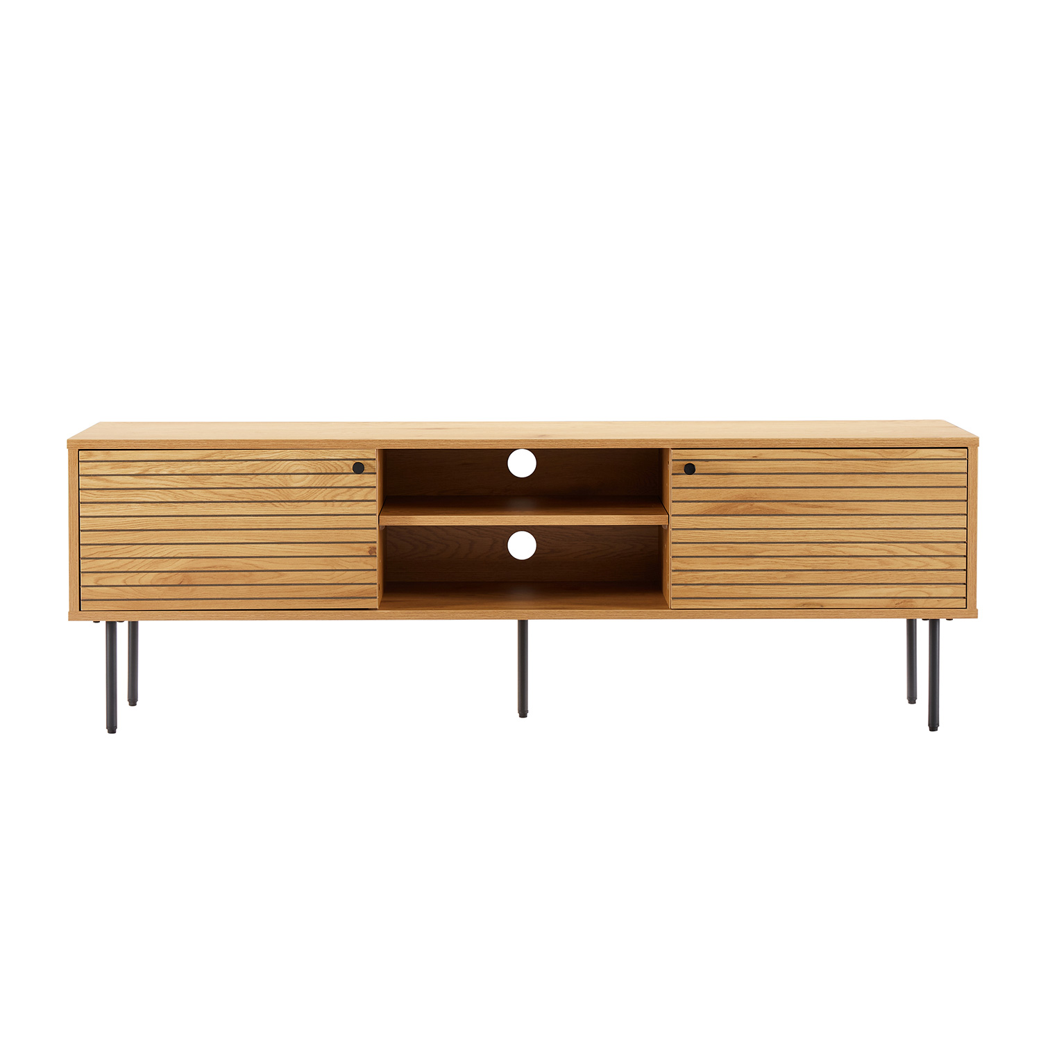 TV staliukas LINE su 2 durelėmis ir lentynomis 150x40xH50cm. Televizoriaus staliukas pagamintas iš melamino viršaus su ąžuolo lukštu. Patrauklios dryžuotos durelės su reljefiniu paviršiumi pagamintos iš juodos MDF plokštės, dekoruotos siauromis ąžuolo spalvos juostelėmis. TV staliuko metalinės kojos padengtos juoda milteline danga.
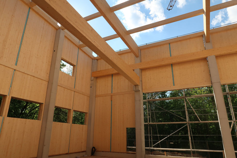 Eine bestehende Produktions– und Lagerhalle wurde um eine weitere Halle erweitert. Holzbinder aus Brettschichtholz spannen über 16,5m als Einfeldträger im Abstand von 6m. Zwischen den Bindern sind Pfetten aus Brettschichtholz im Abstand von 2,75m angeordnet. Die Binder lagern auf eingespannten Stahlbetonstützen. In Hallenlängsrichtung verläuft ein 5t Brückenkran. Die Krandbahnträger bestehen ebenfalls aus Brettschichtholz und verlaufen in Hallenlängsrichtung. Diese lagern auf Konsolen der eingespannten Stahlbetonstütze. Die besondere Herausforderung lag in der Kreuzung der neuen Kranbahn mit der Verlängerung der Kranbahn aus der bestehenden, quer dazu verlaufenden Halle. Im Übergangsbereich zur neuen Halle musste die Dachkonstruktion stützenfrei abgefangen werden. Die Gründung der Fertigteilstützen erfolgt über Einzelfundamente, welche bereits monolithisch verbunden mit der Stütze gefertigt wurden.
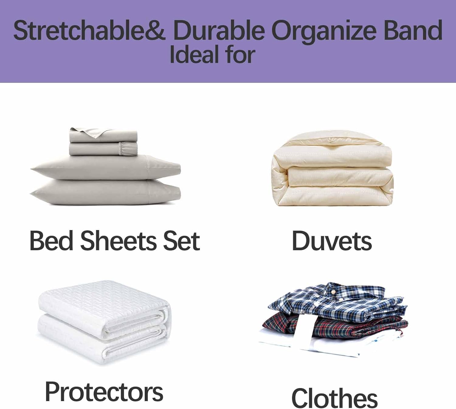 Bed Sheet Organizer Bands, Sheet Set Storage Size Marking Bands, Elastic Bedding Sheet Straps Wraps for Organizing Linen Closet(Queen 4PCs | Purple)
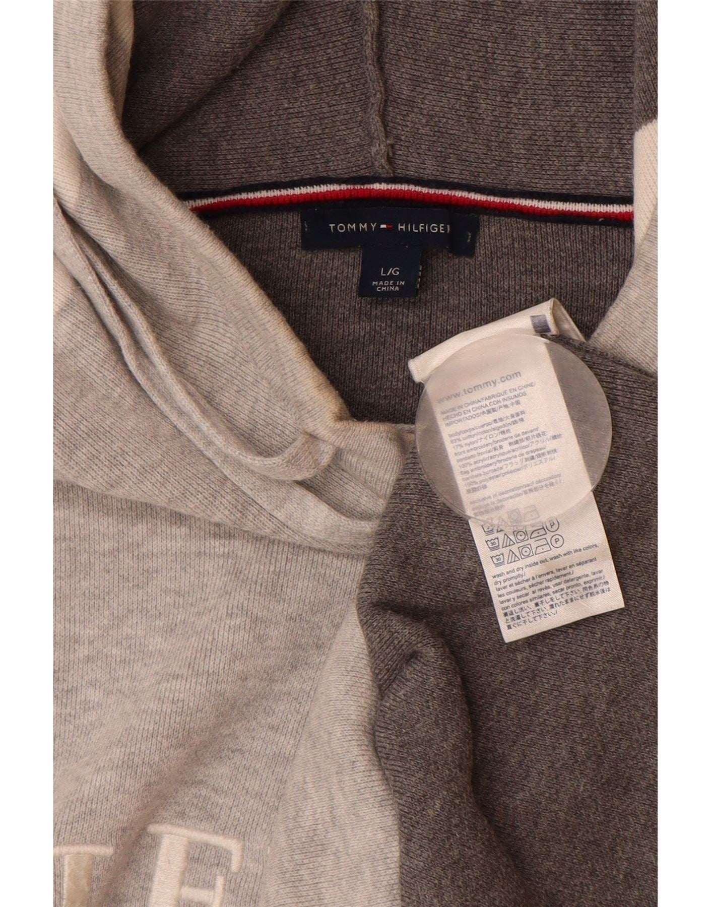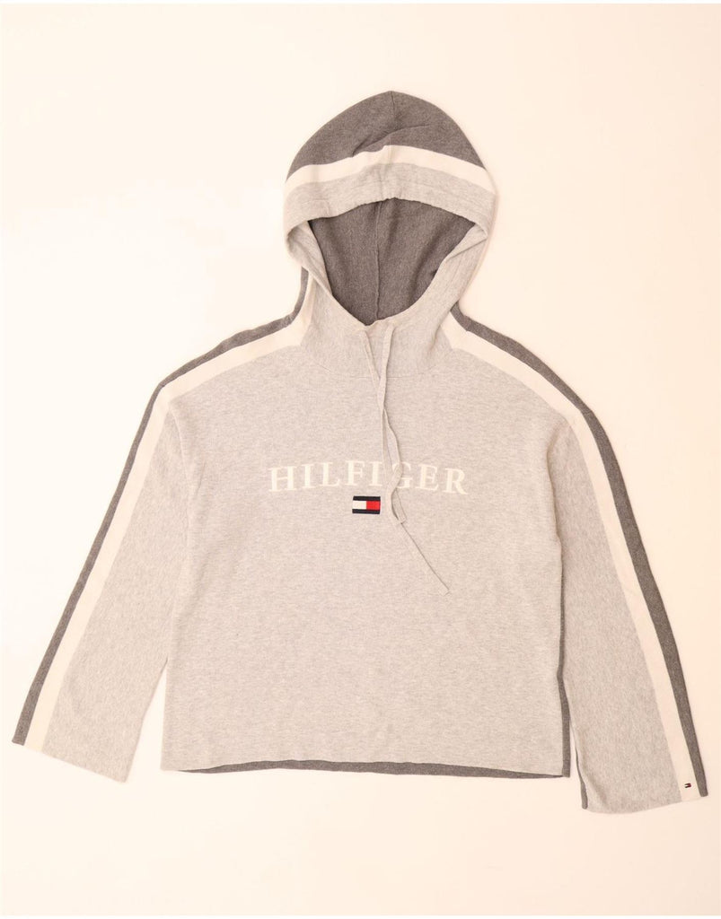 TOMMY HILFIGER Womens Graphic Jumper Sweater UK 14 Large Grey Colourblock
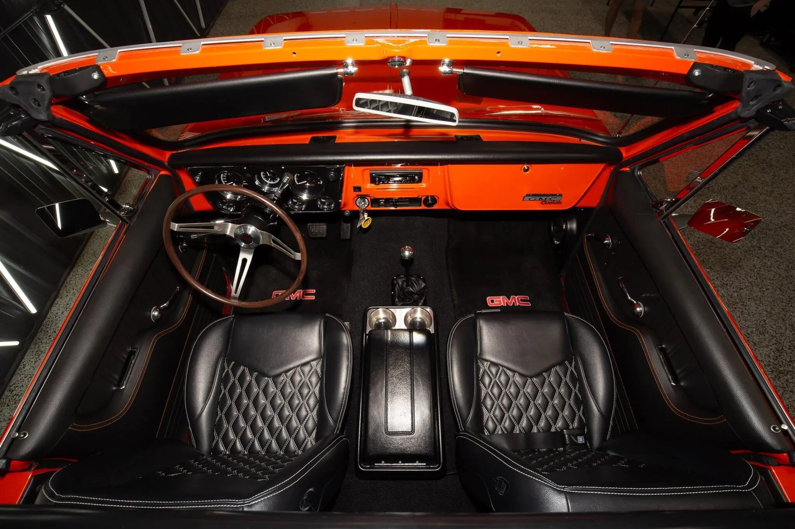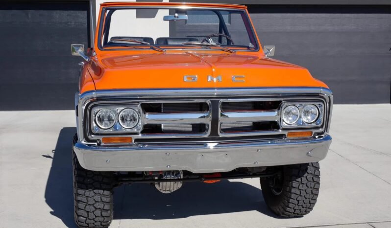 This 1972 GMC Jimmy was refurbished and is powered by a 6.0-liter GM V8 that is fitted with a Magnuson supercharger and is mated with a four-speed automatic transmission and a dual-range transfer case. The truck has been refinished in orange and white over black leather and is equipped with a Dana 44 front axle, an Auburn limited-slip rear differential, Fox shocks, LED headlights, 15″ Rally wheels, power-assisted front disc brakes, Dakota Digital instrumentation, and a Pioneer Bluetooth stereo.
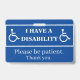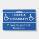 Crachá azul. Eu tenho uma deficiência. Por favor, seja uma patente. Alertar os outros para deficiências não vistas. Dê isso ao pai, irmão, avô, amigo, filho, mais. Podem vestir em público para que todos saibam que podem precisar de um pouco mais de tempo do que outros. Personalize, apague as costas e adicione suas próprias palavras. Pode adicionar um nome, número de telefone de emergência ou alerta para doença ou condição. Escolha editar. Um presente bem pensado.
********
● **Requirement**
Your copy must repeat the data word for word and show none of its images.

● **Your solution**
 TV staliukas LINE su 2 durelėmis ir lentynomis 150x40xH50cm. Televizoriaus staliukas pagamintas iš melamino viršaus su ąžuolo lukštu. Patrauklios dryžuotos durelės su reljefiniu paviršiumi pagamintos iš juodos MDF plokštės, dekoruotos siauromis ąžuolo spalvos juostelėmis. TV staliuko metalinės kojos padengtos juoda milteline danga.
 Eine bestehende Produktions– und Lagerhalle wurde um eine weitere Halle erweitert. Holzbinder aus Brettschichtholz spannen über 16,5m als Einfeldträger im Abstand von 6m. Zwischen den Bindern sind Pfetten aus Brettschichtholz im Abstand von 2,75m angeordnet. Die Binder lagern auf eingespannten Stahlbetonstützen. In Hallenlängsrichtung verläuft ein 5t Brückenkran. Die Krandbahnträger bestehen ebenfalls aus Brettschichtholz und verlaufen in Hallenlängsrichtung. Diese lagern auf Konsolen der eingespannten Stahlbetonstütze. Die besondere Herausforderung lag in der Kreuzung der neuen Kranbahn mit der Verlängerung der Kranbahn aus der bestehenden, quer dazu verlaufenden Halle. Im Übergangsbereich zur neuen Halle musste die Dachkonstruktion stützenfrei abgefangen werden. Die Gründung der Fertigteilstützen erfolgt über Einzelfundamente, welche bereits monolithisch verbunden mit der Stütze gefertigt wurden.
 Bed Sheet Organizer Bands, Sheet Set Storage Size Marking Bands, Elastic Bedding Sheet Straps Wraps for Organizing Linen Closet(Queen 4PCs | Purple)
 TOMMY HILFIGER Womens Graphic Jumper Sweater UK 14 Large Grey Colourblock
 This 1972 GMC Jimmy was refurbished and is powered by a 6.0-liter GM V8 that is fitted with a Magnuson supercharger and is mated with a four-speed automatic transmission and a dual-range transfer case. The truck has been refinished in orange and white over black leather and is equipped with a Dana 44 front axle, an Auburn limited-slip rear differential, Fox shocks, LED headlights, 15″ Rally wheels, power-assisted front disc brakes, Dakota Digital instrumentation, and a Pioneer Bluetooth stereo.
 Crachá azul. Eu tenho uma deficiência. Por favor, seja uma patente. Alertar os outros para deficiências não vistas. Dê isso ao pai, irmão, avô, amigo, filho, mais. Podem vestir em público para que todos saibam que podem precisar de um pouco mais de tempo do que outros. Personalize, apague as costas e adicione suas próprias palavras. Pode adicionar um nome, número de telefone de emergência ou alerta para doença ou condição. Escolha editar. Um presente bem pensado.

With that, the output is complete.